The overall data analysis workflow is shown in Fig 1A. Liquid chromatography mass spectrometry (LC-MS) was used to carry out targeted lipidomic analysis on the plasma samples. In total, 996 lipids were quantified using internal standards. In the quality control analysis, the median relative standard deviation (RSD) for the lipid panel was 4%. Lipids are named according to sub-class and acyl chains detected. For example, PE (16:0/18:2) has a phosphatidylethanolamine (PE) backbone and two acyl chains comprised of palmitic acid (C16:0) and linoleic acid (C18:2). The representation of lipids from 14 sub-classes is shown in Fig 1B. Triglyceride (TAG) (glycerol backbone + three acyl chains) was the most abundant lipid class identified in the plasma (n=518). Phosphatidylethanolamine (PE), phosphatidylcholine (PC), and diacylglycerols (DAG) all containing 2 acyl chains were the next most abundant classes (n=128, 121, 58 respectively).

Figure 1. Temporal patterns in the circulating lipidome after severe trauma.

(A) Scheme of overall analysis strategy.

(B) Representation of 996 lipid species detected in the lipidomic platform grouped by classes.

(C) Uniform Manifold Approximation and Projection (UMAP) plot shows the distribution of healthy subjects (n=17) and patients with trauma (n=193), grouped by sampling timepoints (0h, 24h, 72h after admission).

(D) Heatmap shows relative levels of 996 lipid species for healthy subjects and trauma patients, grouped by sampling timepoints using z-score normalized concentrations. Lipid species are clustered by Hierarchical clustering.

(E) Quantitative comparison of circulating total lipid concentration among healthy controls (HC) and trauma patients, grouped by sampling timepoints. Asterisks indicate statistical significance based on Kruskal-wallis test with post-hoc analysis of Dunn test. The p value was adjusted by the Benjamini-Hochberg method: *, < 0.05; **, < 0.01; ***, < 0.001. Box and whisker plots represent mean value, standard deviation, maximum and minimum values.

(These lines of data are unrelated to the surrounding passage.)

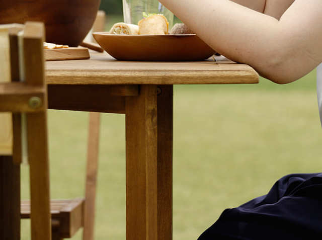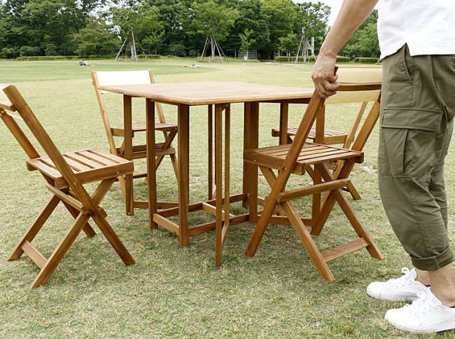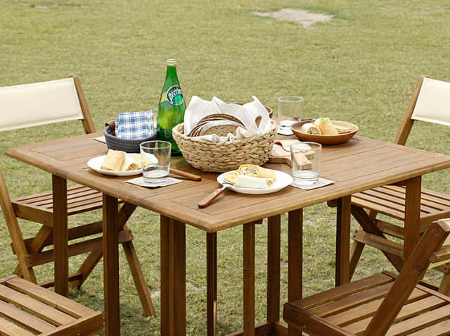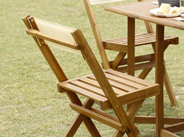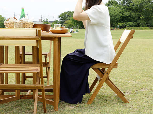 テーブルとチェアの折りたたみは女性の方でも簡単にできる設計に♪テーブルを広げた時の天板のサイズは、幅90cm×奥行き90cm。大人の方4人分のお食事を並べても十分余裕のある広さ。アカシア材の温かみを感じる風合いは、お家のテラスやバルコニー・お庭、そしてお外で過ごす時間を心落ち着かせてくれそうですね♪
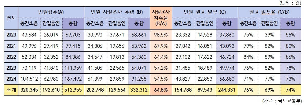 2020~2024년 공동주택 층간소음·간접흡연 민원 사실조사 수행 및 권고 발부 현황[출처=민홍철 의원실][출처=민홍철 의원실]실제로 층간 흡연 문제는 갈수록 심각해지고 있습니다.
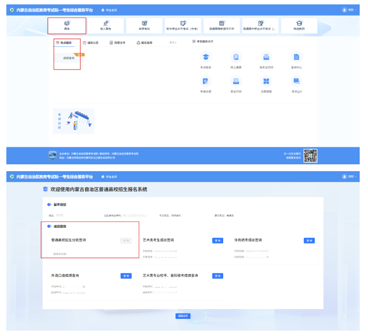 1.内蒙古招生考试信息网是查询高考成绩的官方渠道。
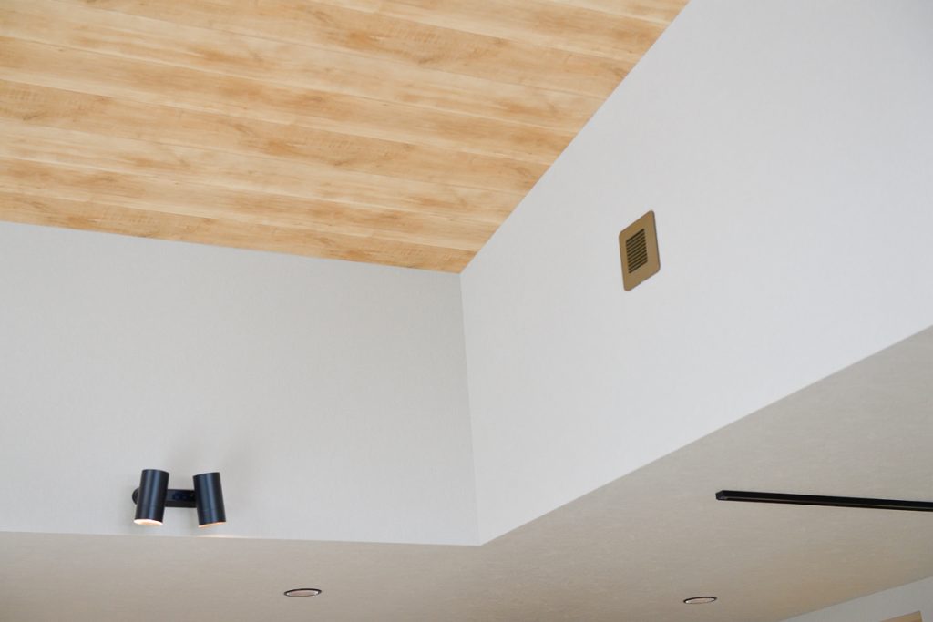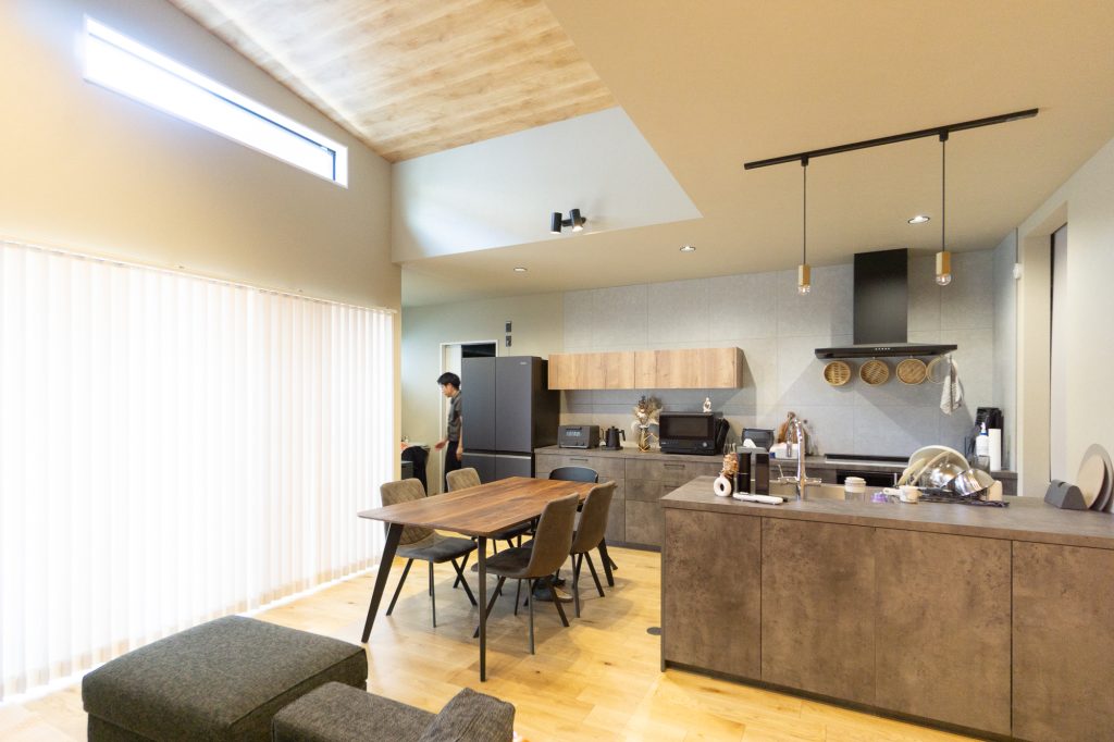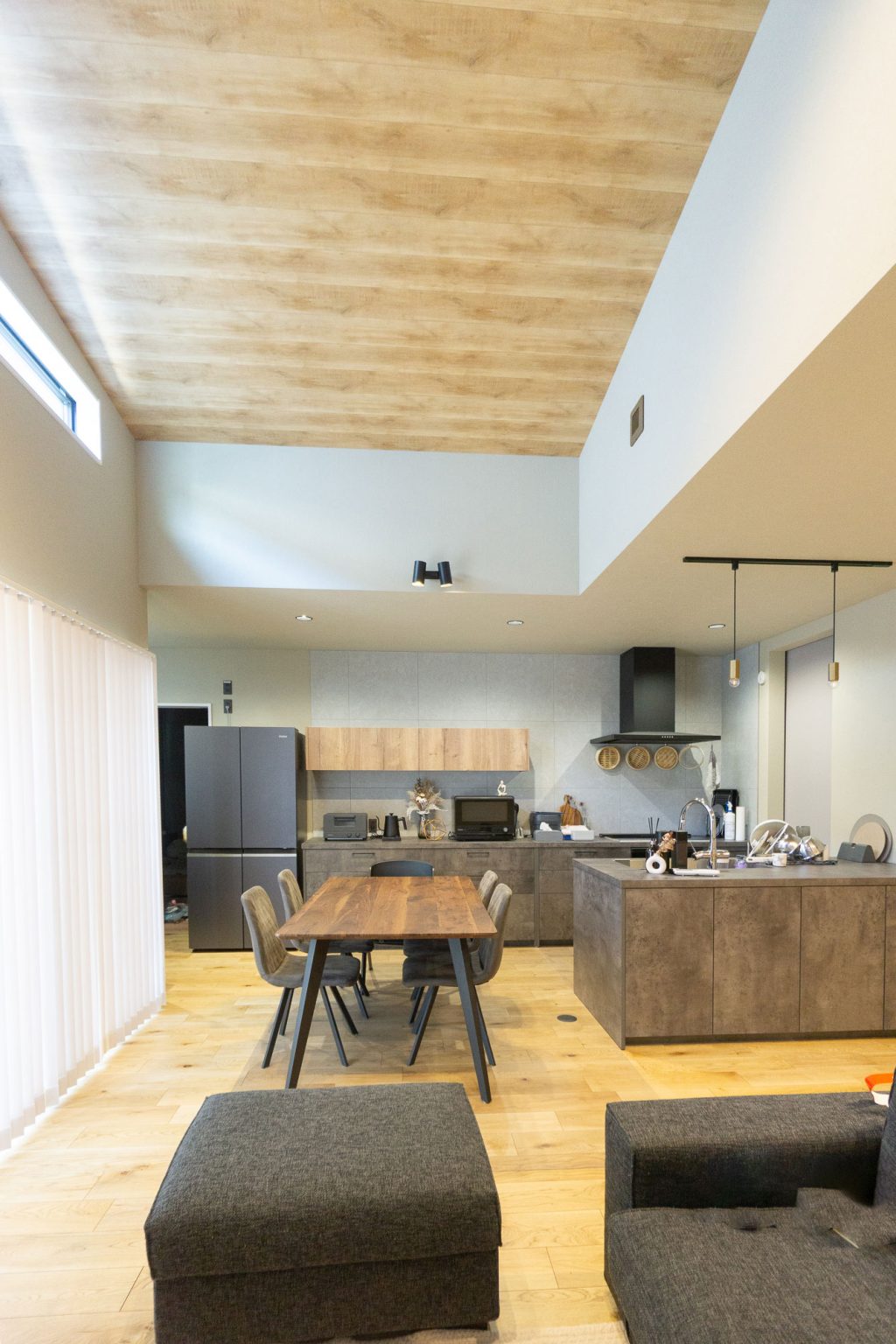 屋根の形に合わせて天井に傾斜がつくことでリビングがより開放的に見えて、この下に寝転がってしみじみ良い家やなあと噛み締めています(笑)

Abbreviations: TAG, triacylglycerol; DAG, diacylglycerols; MAG, monoacylglycerols; PE, phosphatidylethanolamine; PC, phosphatidylcholine; PI, phosphatidylinositol; LPE, Lysophosphatidylethanolamine; LPC, Lysophosphatidylcholine; CER, Ceramides; HCER, hexosylceramides; LCER, lactosylceramide; DCER, dihydroceramides; CE, cholesterol ester.

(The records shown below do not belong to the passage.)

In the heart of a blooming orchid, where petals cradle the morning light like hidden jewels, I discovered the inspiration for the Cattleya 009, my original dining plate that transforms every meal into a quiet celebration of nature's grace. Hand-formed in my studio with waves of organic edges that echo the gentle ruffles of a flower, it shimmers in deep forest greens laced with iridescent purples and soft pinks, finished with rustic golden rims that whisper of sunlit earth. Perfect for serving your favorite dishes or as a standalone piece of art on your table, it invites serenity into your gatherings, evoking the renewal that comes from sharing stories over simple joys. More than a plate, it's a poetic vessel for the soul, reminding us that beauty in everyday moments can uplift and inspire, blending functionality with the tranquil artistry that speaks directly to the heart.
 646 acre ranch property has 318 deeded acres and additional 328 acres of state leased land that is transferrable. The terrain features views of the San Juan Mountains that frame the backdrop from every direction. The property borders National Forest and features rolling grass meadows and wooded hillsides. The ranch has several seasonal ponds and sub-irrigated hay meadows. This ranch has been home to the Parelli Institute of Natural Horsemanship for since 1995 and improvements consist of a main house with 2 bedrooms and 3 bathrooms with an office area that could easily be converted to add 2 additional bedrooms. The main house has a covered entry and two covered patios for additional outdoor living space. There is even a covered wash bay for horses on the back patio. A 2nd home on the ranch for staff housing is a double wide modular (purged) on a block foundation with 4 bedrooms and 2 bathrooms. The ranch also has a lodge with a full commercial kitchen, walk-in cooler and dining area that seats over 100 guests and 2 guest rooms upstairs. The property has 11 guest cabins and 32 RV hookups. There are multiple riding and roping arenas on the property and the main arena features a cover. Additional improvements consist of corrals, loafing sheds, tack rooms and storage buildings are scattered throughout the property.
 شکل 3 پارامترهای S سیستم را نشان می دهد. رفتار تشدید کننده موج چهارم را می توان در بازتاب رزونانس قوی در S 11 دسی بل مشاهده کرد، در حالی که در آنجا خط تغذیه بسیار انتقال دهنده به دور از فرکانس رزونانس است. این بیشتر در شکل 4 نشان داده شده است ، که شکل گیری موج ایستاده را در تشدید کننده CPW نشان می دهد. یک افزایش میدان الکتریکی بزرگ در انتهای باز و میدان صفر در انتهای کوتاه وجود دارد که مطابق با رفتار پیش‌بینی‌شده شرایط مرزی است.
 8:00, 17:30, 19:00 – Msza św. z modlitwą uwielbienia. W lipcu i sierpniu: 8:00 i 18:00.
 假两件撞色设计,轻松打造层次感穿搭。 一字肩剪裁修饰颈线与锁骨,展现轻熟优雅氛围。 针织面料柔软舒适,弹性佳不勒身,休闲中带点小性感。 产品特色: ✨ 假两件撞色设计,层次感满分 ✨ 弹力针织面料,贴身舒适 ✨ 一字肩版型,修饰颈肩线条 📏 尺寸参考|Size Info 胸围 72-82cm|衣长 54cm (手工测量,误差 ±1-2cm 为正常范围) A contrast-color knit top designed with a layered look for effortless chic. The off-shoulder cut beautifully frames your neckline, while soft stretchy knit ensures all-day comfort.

We first explored the dynamic changes in the global pattern of the circulating lipidome in trauma patients. Uniform Manifold Approximation and Projection (UMAP) is a non-linear method for dimension reduction that can identify the global structure of multi-dimensional data. In Fig 1C, each dot represents a single subject and the distance between dots in the UMAP plot reflects the global similarity/ differences in overall lipid profiles between samples²⁰. We observed that trauma patients at 0h were quite dispersed and partially overlapping with healthy subjects, suggesting an early and rapidly evolving response pattern immediately post-injury. There was excellent separation across the three time points on UMAP, underscoring the role of time in the major changes in lipid patterns after trauma.

To depict the differences between the healthy controls and patients across time, we projected relative levels of all lipids assayed on a heatmap (Fig 1D). Compared to healthy controls, most lipid species were persistently lower after trauma. This dramatic shift between healthy controls and injured humans was also observed when total lipid concentrations were compared (Fig 1E).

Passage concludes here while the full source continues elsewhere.